As an environmental engineer, you may be involved in designing infrastructure to treat drinking water, wastewater, and stormwater; ensuring compliance to environmental technology, assessing impacts of pollutant, mitigating the effects of climate change, or evaluating the sustainability impact of emerging technologies.

Graduates will go on to work for employers such as employers such as private consulting and industry, as well as utilities and government agencies (ORNL, TVA, NOAA, the Southeast Regional Climate Center, US Army Corp of Engineers, the USGS, and the Tennessee Department of Environment and Conservation).

Curriculum

The environmental engineering curriculum will include fundamental topics such as fluid mechanics, environmental chemistry, microbiology, fate and transport of environmental pollutants, environmental systems engineering, and risk assessment, as well as applied topics such as hydrology, water resources engineering, water, and waste treatment, air pollution control, solid and hazardous waste management, and energy systems.

Featured Courses

This course covers cross-cutting engineering approaches to analyze and solve current sustainability challenges.

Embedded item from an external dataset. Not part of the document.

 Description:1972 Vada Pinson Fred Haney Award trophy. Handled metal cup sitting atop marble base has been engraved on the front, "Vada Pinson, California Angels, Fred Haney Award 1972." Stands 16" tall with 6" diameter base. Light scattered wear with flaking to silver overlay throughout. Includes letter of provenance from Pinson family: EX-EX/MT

Students will learn some of the tools, protocols, and methods that are common to sustainability analysis, particularly focused on engineered systems.

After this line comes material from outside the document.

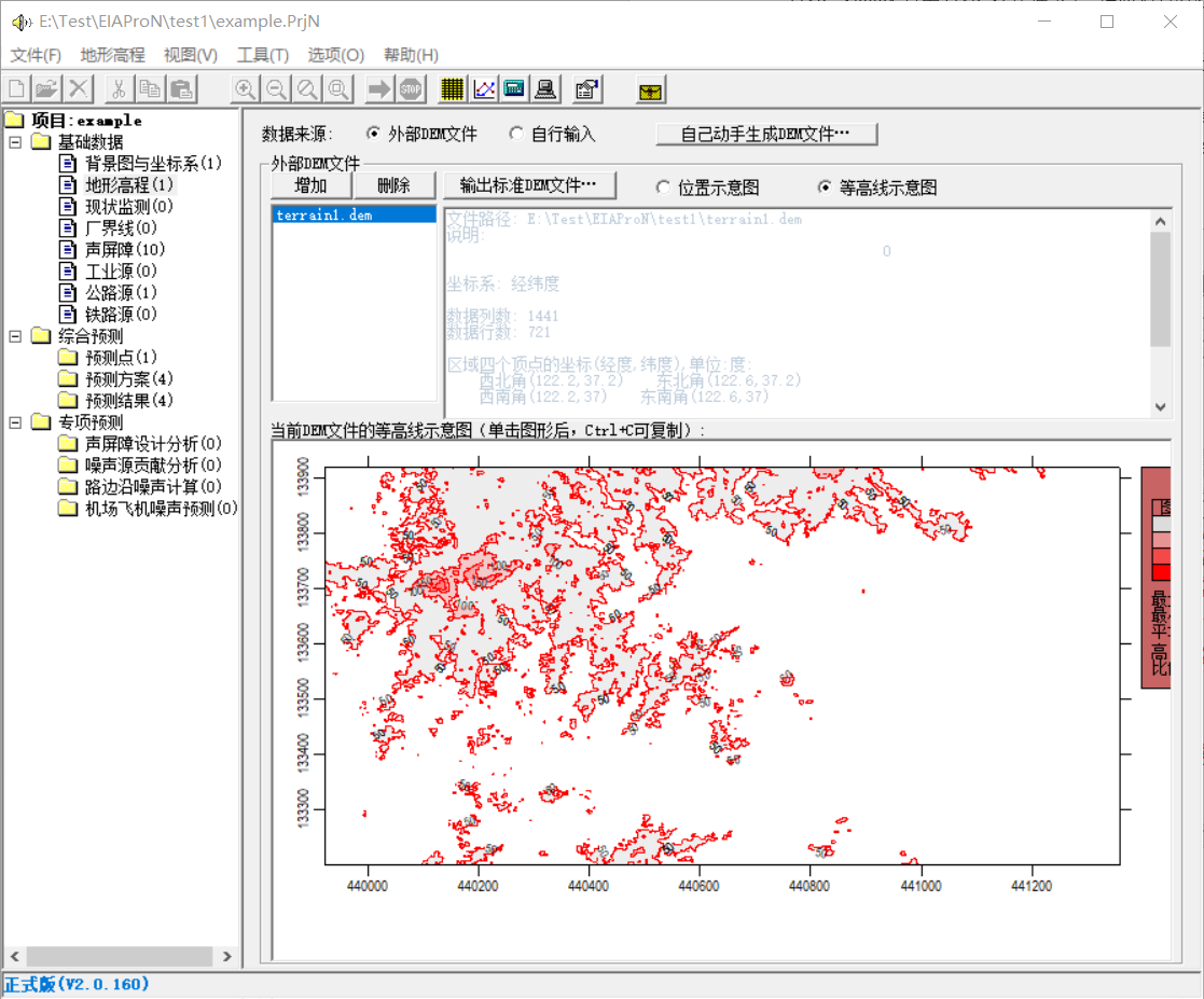 (2)软件运行的三要求,源,声屏障,预测点,应该匹配相同的地形高程数据/文件,或者全部都不输入和采用高程数据/文件。如果只是部分要素有地形高程,而部分没有,则计算的结果有可能是不合理的。比如部分或全部声源输入了高程值,部分或全部声屏障输入了高程值,对预测点没有匹配相同的地形高程文件等,这样计算出来都是不合理的(除非计算选项中没有选择“考虑地形高程”,这时所有要素的高程值都置为0)。

This course provides an introduction to drinking water treatment and distribution systems, wastewater treatment and collection systems, air pollution, solid/hazardous waste, and environmental regulations.

Students learn fundamentals of air pollution and visibility reduction, air quality laws and regulations, air pollutions sources and impacts, and design of air pollution control technologies for gaseous and particulate pollutants.

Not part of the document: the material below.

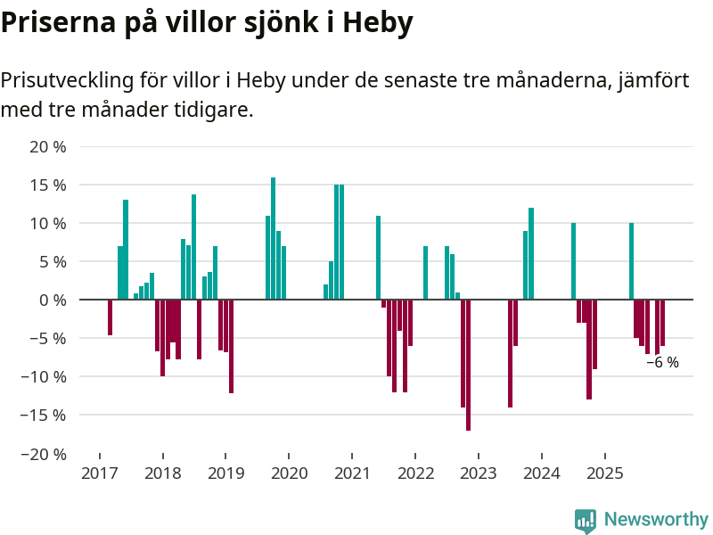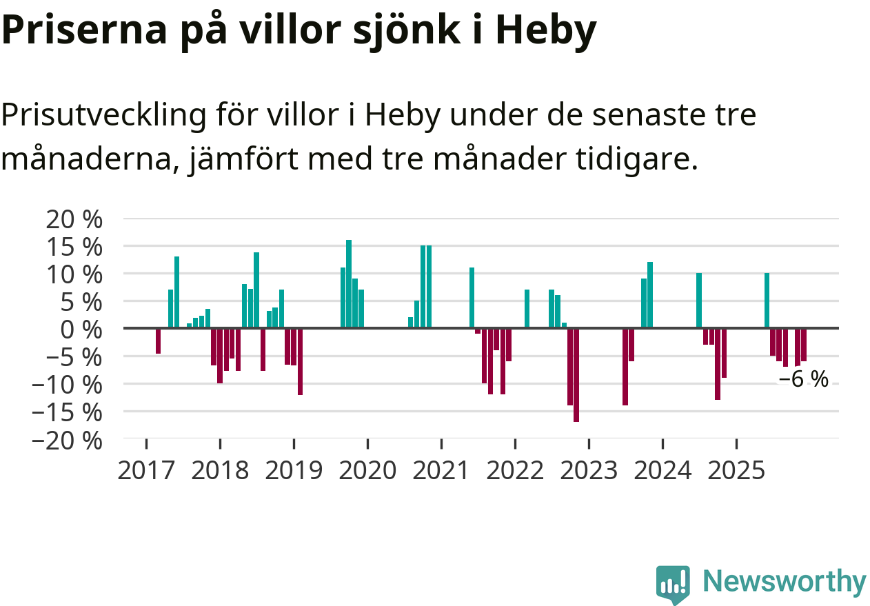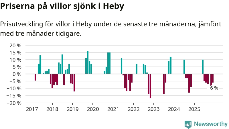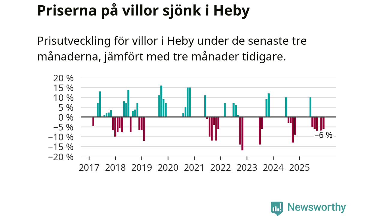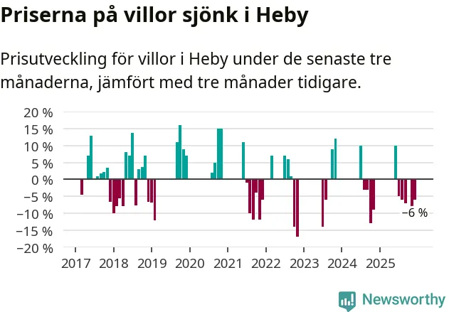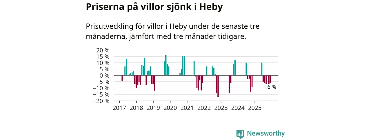 Statistiken visar även på en kännbar prisnedgång i Heby kommun. Medelpriset på försäljningarna av villor i kommunen var 6 procent lägre än för tre månader sedan. Även i hela Uppsala sjunker villapriserna. I hela länet noterades en prisnedgång på 3 procent.

Students are introduced to the hydrologic cycle and key physical processes such as precipitation, evaporation and transpiration, runoff, infiltration, and groundwater. Students learn tools for hydrological measurement, data acquisition, analysis, and interpretation; and applications for water resources management are discussed.

Complementary Minors

The following minors work well with environmental engineering to offer students the opportunity to develop and showcase a multidisciplinary skill set as they enter the next phases of their career. Use the link below to find out more about our programs and what you can do with an engineering degree.

Technical Electives

The following table contains a list of suggested technical electives for students in the BS ENVE program.  All 500 level Environmental Engineering courses can be applied towards technical electives.

Area of Interest Example Technical Electives
Infrastructure Engineering CE 210, CE 300
Energy and Sustainability ALEC 485, EEPS 206, EEPS 456, ESE 511, ESS 110, GOEG 346, ME 331
Nuclear Decommissioning and Environmental Management NE 233, 404, 406, 433, 542
Public Health PUBH 201, 202, 420
Fundamentals Accounting 200, EF 333, Physics 231, Physics 232, Math 251, ME 231, MSE 201, ECE 201, IE 405, IE 452, COSC 102, Chem 210, Chem 260/268

Policies

  • The technical electives may be a departmental offering, including a graduate course for undergraduate credit. A student must have a GPA of 2.75 or higher or have approval of the instructor to take a 500-level course for undergraduate credit.
  • Unless the course is specifically listed above, the course should be above the fundamental level in its topic area; first-year courses are usually not acceptable.
  • There must be a logical relationship between the course and a major interest area of the student. This category is not a place to put courses already taken which do not have a place elsewhere in the minimum degree requirements.
  • A transfer or first-degree course can be used as a technical elective if it meets these stipulations.
  • An advisor has the prerogative of requiring a student to justify the choice of a technical elective in writing, with that written note going into the student’s file.